Allen membungkukkan tubuhnya ke bawah dan menggesek kaki zombie. Tanpa menahan diri, dia mengepalkan tangan ke tubuhnya, menyebabkannya jatuh terlentang.
"Uugghh ...!"
Menunjuk pistolnya, Allen menembak kepalanya.
Monster undead, terutama zombie memiliki kelemahan fatal dan itu adalah kepala mereka. Karena didasarkan pada cerita terutama film, zombie, sekali dipukul di kepala pasti akan mati. Padahal itu hanya untuk zombie normal ~
Di depan adalah sekelompok empat zombie perlahan datang ke arah Allen.
Hm, saya kira ini waktu terbaik untuk mencobanya.
Alih-alih menggunakan senjatanya, Allen meletakkannya kembali di sarungnya dan mengangkat tangannya, menunjuk ke arah sekelompok monster. Dia membuka telapak tangannya dan berkata, "Ledakan!"
[Ledakan] keahliannya yang baru didapat.
Dia tidak punya waktu untuk mencobanya sebelumnya karena takut melibatkan orang yang tidak terkait dan mungkin menyebabkan masalah yang tidak terduga. Tetapi dengan hanya zombie di sekitar sini, itu harus saat yang tepat untuk mencobanya.
Begitu Allen selesai menyebut nama skill, dia langsung merasa seolah-olah ruang di depannya mulai terdistorsi.
Meskipun tidak begitu jelas, dia hanya merasakannya.
2 detik…
'Zi Zi Zi' Allen kemudian merasakan hawa dingin diikuti oleh bunyi dering samar seperti yang dihasilkan oleh nyamuk.
4 detik ...
BOOOM !!! Gelombang panas tiba-tiba dibuat dan tempat di sekitar empat zombie tiba-tiba meledak!
Ledakan ini telah menghancurkan tubuh para zombie di sekitar. Itu bahkan cukup kuat untuk meninggalkan kawah kecil di tanah.
"... Tentu saja, itu kuat." Allen bergumam pelan. Benar-benar tidak terduga; zombie menjadi benjolan dalam sekejap hanya dari satu serangan.
Melihat zombie yang terciprat di tanah, dia berkata, "... itu lebih atau kurang menekan gas."
Skill Allen [Explosion] adalah skill yang mampu mengompresi gas di sekitar targetnya dan tiba-tiba melepaskan, menciptakan ledakan seperti granat gegar otak tetapi tanpa bau dan hanya ledakan.
"Selain itu, mematikannya cukup rendah jika itu bukan serangan langsung" ... melihat bahwa zombie empat sampai lima meter dari target masih hidup, meskipun merangkak dengan menyedihkan, Allen menyimpulkan.
Dia tiba-tiba merasakan kelelahan melonjak di tubuhnya.

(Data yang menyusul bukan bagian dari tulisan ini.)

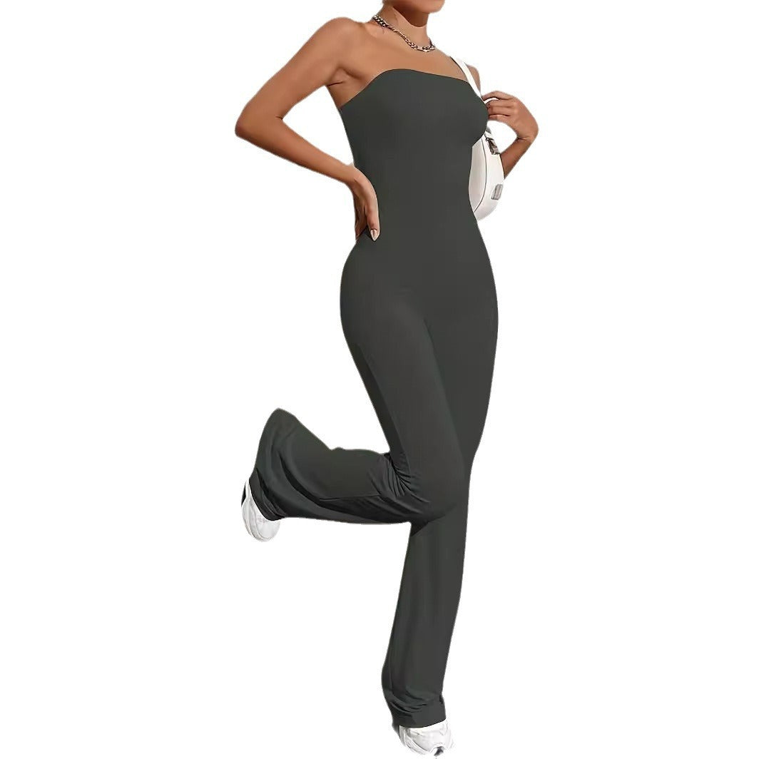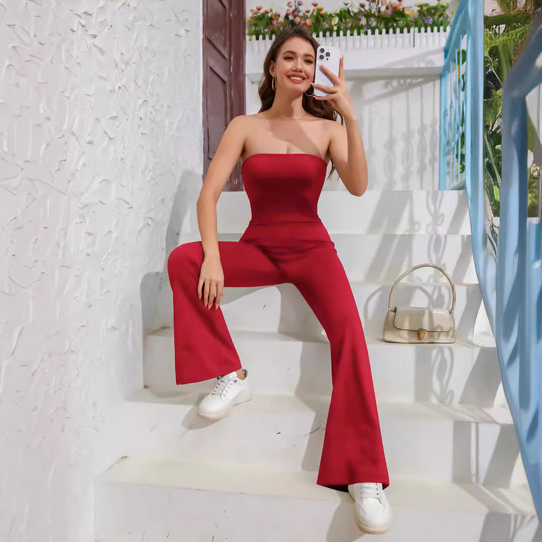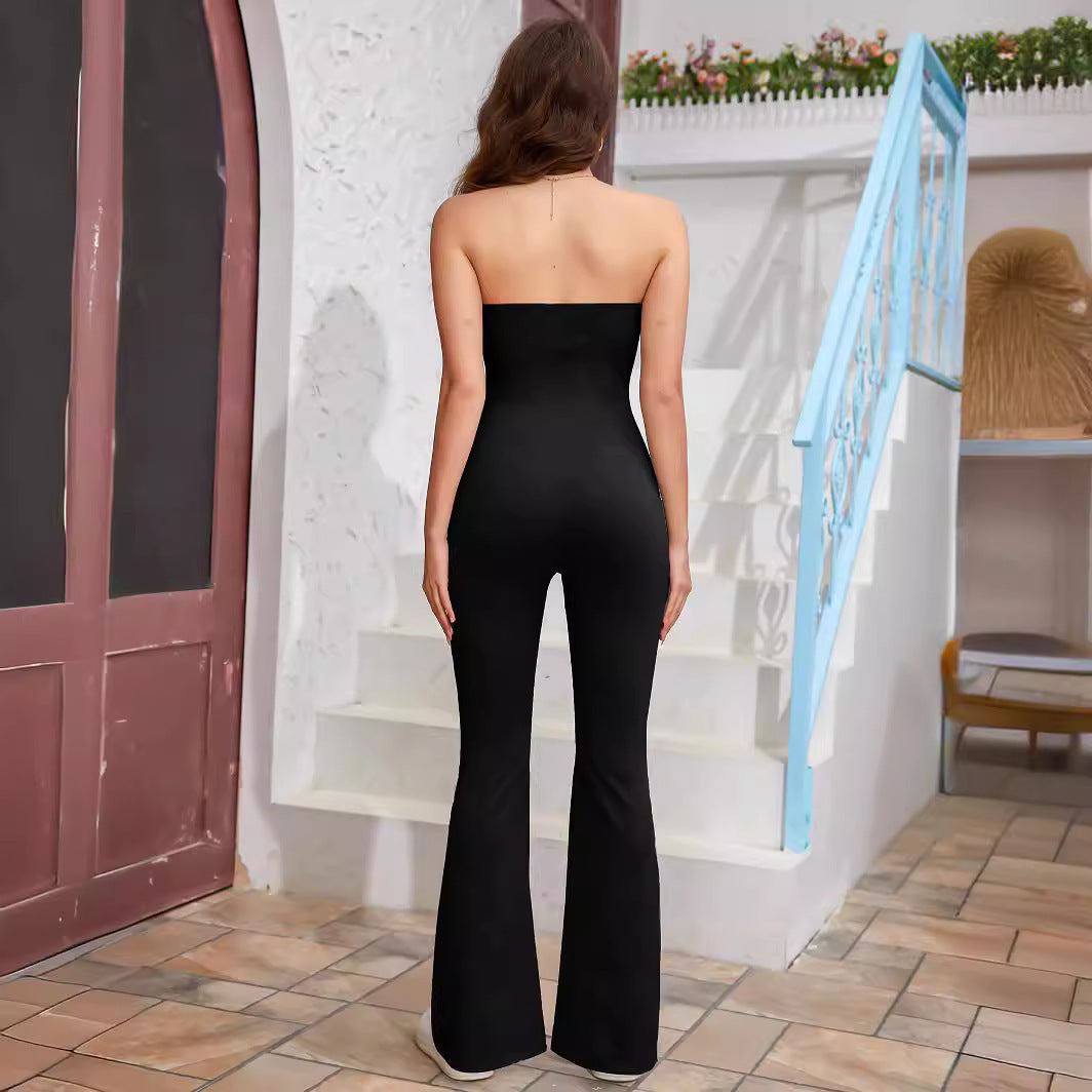Solid Color Strapless Tube Top Flared Fit One-piece Trousers

“... Dan satu hal lagi, konsumsi skill ini tidak setengah-setengah. Dari perasaan yang saya dapatkan, saya pikir saya hanya bisa menggunakannya dua hingga tiga kali dalam sehari jika saya tidak bisa mengisi kembali stamina saya. ”

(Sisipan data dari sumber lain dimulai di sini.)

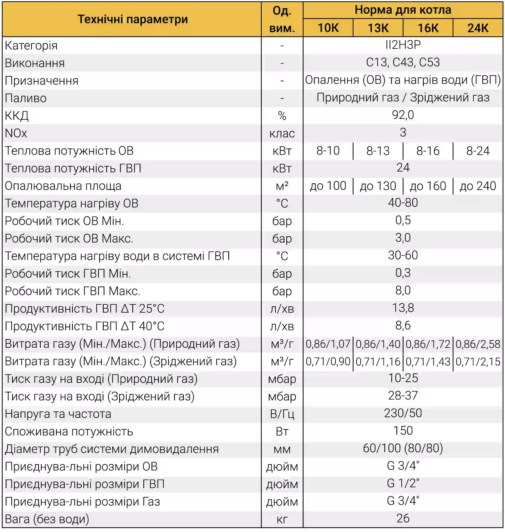 - Можливість роботи на природному та зрідженому газі.

Dari yang saya tahu, keterampilan aktif seperti ini mengkonsumsi statistik [Pikiran]. Melihat bahwa saya seharusnya memiliki 2,4 poin di [Pikiran], mungkin 0,8 hingga 1 adalah penggunaan skill.
Kecuali untuk [Replikasi Keterampilan] yang tidak memerlukan biaya apa pun, saya hanya memiliki 2 keterampilan aktif; [Beetle Buzz] dan [Explosion] dan skill ini menghabiskan cukup banyak poin [Mind].
Saya kira saya perlu menemukan cara untuk meningkatkan [Pikiran] Statistik saya ...
Selesai menganalisis keterampilan barunya, Allen sekali lagi mengambil senjatanya dan melanjutkan perburuannya.